A very moving article.

Your article gives such a wonderful view on how close we are to G-d. You hit the nail dead on.
Thank you for those inspiring words of wisdom.

Heli.

(5) Zoraida, July 10, 2003 12:00 AM

One, makes a wiser person

I have heard many time God is one but never quite understood it the way this article explains it.

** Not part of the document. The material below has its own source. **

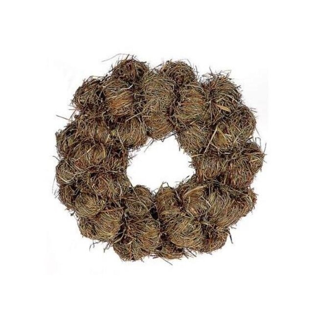 Deze warme, bruine krans van hooiballen geeft je huis meteen een gezellige, landelijke sfeer. Met een diameter van 30 cm is hij compact genoeg voor aan de deur, aan de muur of als rustieke tafeldecoratie; het natuurlijke materiaal blijft lang mooi en vergt geen onderhoud, dus je hebt er seizoen na seizoen plezier van. De organische textuur en zachte bruine tinten brengen direct karakter zonder dat het te gestyled voelt.

(4) john, November 4, 2002 12:00 AM

free will

our arms are to short to box with G-d and to short to embrace him.... that,s why we have each other.... to stop pushing everyone away from us and to embrace G-d in each other. Your words have again shown me that G-d is closer to us than we are to ourselves and if we surrender our wills to G-d, everything makes sense.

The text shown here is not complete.